For Chiu, these studies were a success. And researchers continue to conduct challenge trials with the goal of developing better vaccines than the ones on the market and now want to expand trials to other countries.

Yet some skeptics argue none of these challenge trials were necessary, and that many of the findings could have been gleaned through other types of studies. The challenge trials, for instance, didn’t directly inform vaccine or treatment development, raising questions about whether these risks were justified.

“Did we really learn?” said Marc Veldhoen, an immunologist at the University of Lisbon and Gulbenkian Institute for Molecular Medicine. “Not so much.”

Human challenge trials have been going on in some form since the 1700s—and they’ve long been controversial. In recent decades, the trials have become more scientifically rigorous but have continued to spark ethical concerns surrounding potential risk and subject exploitation.

Still, they have persisted due to several key advantages.

For one, because researchers control the type of virus and dose, they’re able to better attribute cause to effects. “If a patient does something weird or has a unique response, you never know why that exactly is. Is it because of comorbidities? Is it because this person happened to have been exposed to a massive dose?” said Rik Lindeboom, an immunologist at the Netherlands Cancer Institute in Amsterdam. “With these challenge studies, you can really control for all of this and that makes them very, very unique.”

Scientists can also control the time of exposure, allowing them to pinpoint how long it takes for someone to become infectious and develop symptoms. Indeed, one of the first Covid challenge trial papers, published in 2022, found that individuals started to shed SARS-CoV-2 after just two days of infection and that they could remain contagious for another 10. Participants with a negative Covid test were not shedding virus, they also found.

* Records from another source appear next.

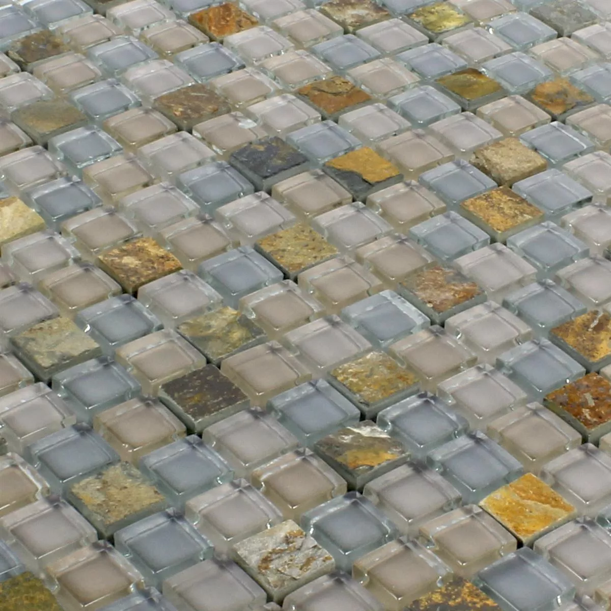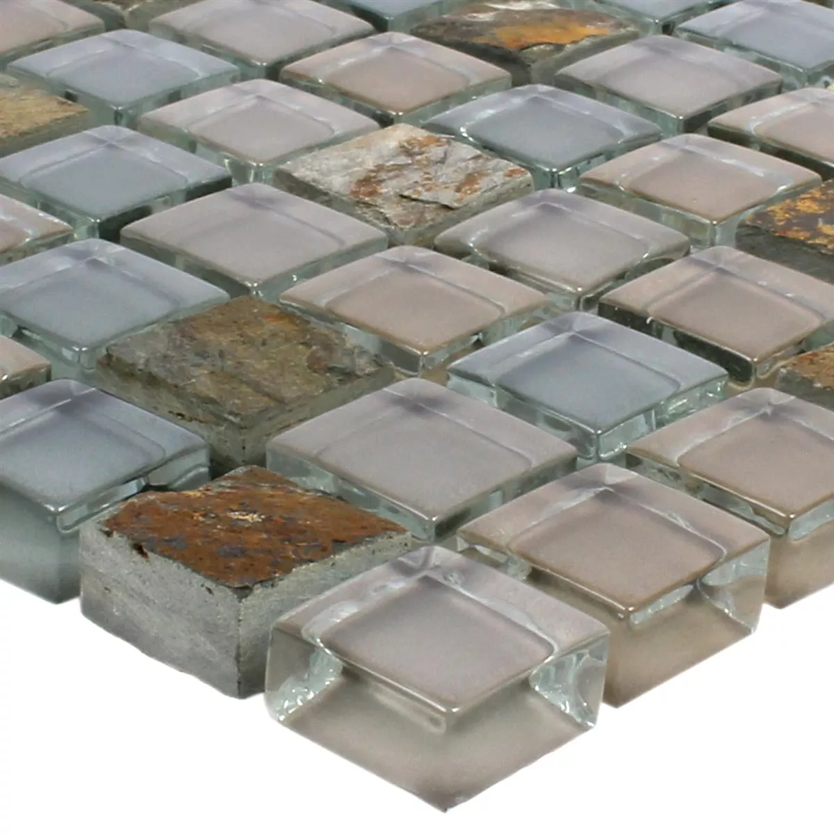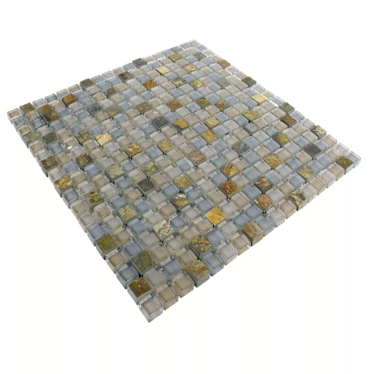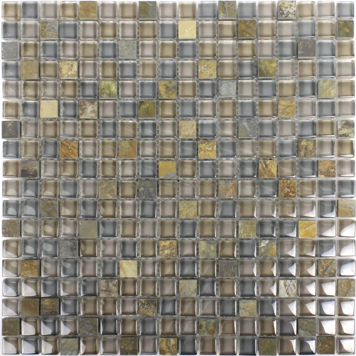 Muestra Azulejos De Mosaico Piedra Natural Cristal Mezcla Apollo Marrón
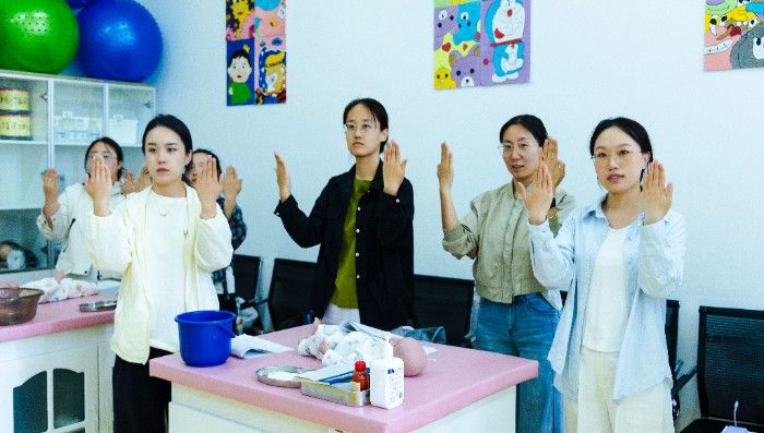 開班儀式后,神木市職業(yè)技術(shù)教育中心幼兒保育教師白建芳依次講授了《培訓(xùn)機(jī)構(gòu)設(shè)置標(biāo)準(zhǔn)(試行)和托育機(jī)構(gòu)管理規(guī)范》《托育機(jī)構(gòu)嬰幼兒早期發(fā)展與回應(yīng)性照護(hù)》《托育機(jī)構(gòu)嬰幼兒常見病預(yù)防與護(hù)理》等專業(yè)理論課程,音樂教師王彤鈺組織開展了韻律活動實操培訓(xùn)。 同日下午及4月27日上午,神木市職業(yè)技術(shù)教育中心幼兒護(hù)理教師張秀芳、音樂教師楊瑞,美術(shù)教師劉彩麗、張蒙分別對全體參訓(xùn)人員進(jìn)行了保育技能實操和兒童畫實操培訓(xùn),進(jìn)一步夯實了參訓(xùn)人員的動手操作能力。
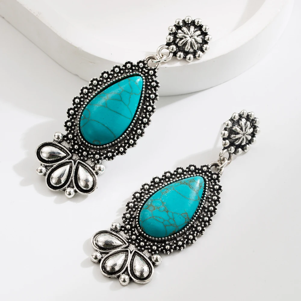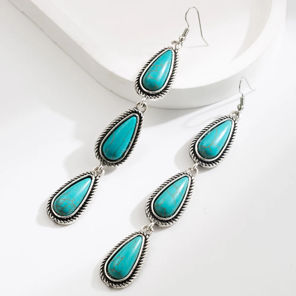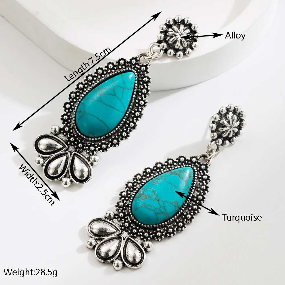 Native american Amazon Hot Selling Vacation Style with Turquoise Water Drop Earrings,

At the time, this information had a direct impact on public health decision-making in the U.K., said Chiu, and led to the recommended isolation period of 10 days: “With this research, we were able to really clearly define when you could come out of self-isolation.” Other studies revealed that some people naturally shed large amounts of virus and that people’s bodies fight off infection by increasing an immune pathway called the interferon response, providing a potential target mechanism to help reduce transmission and disease.

More recently, challenge trials have given insight into a unique population that might otherwise not be studied: those who don’t get infected after exposure. In a Nature study published in June, Chiu and colleagues exposed 16 participants to SARS-CoV-2, yet only six developed a sustained infection. Then, Lindeboom studied the immune cells from these participants and found that the people who avoided infection all shared a high expression of a gene the researchers think could potentially protect against infection, said Lindeboom.

Meanwhile, the recent eClinicalMedicine study compared infected and uninfected participants on a set of cognitive tests. The 18 infected participants performed worse than the 16 who did not become infected, particularly in tests that measured memory and executive function. These changes persisted for at least a year, suggesting that the virus could have lasting effects on cognitive function.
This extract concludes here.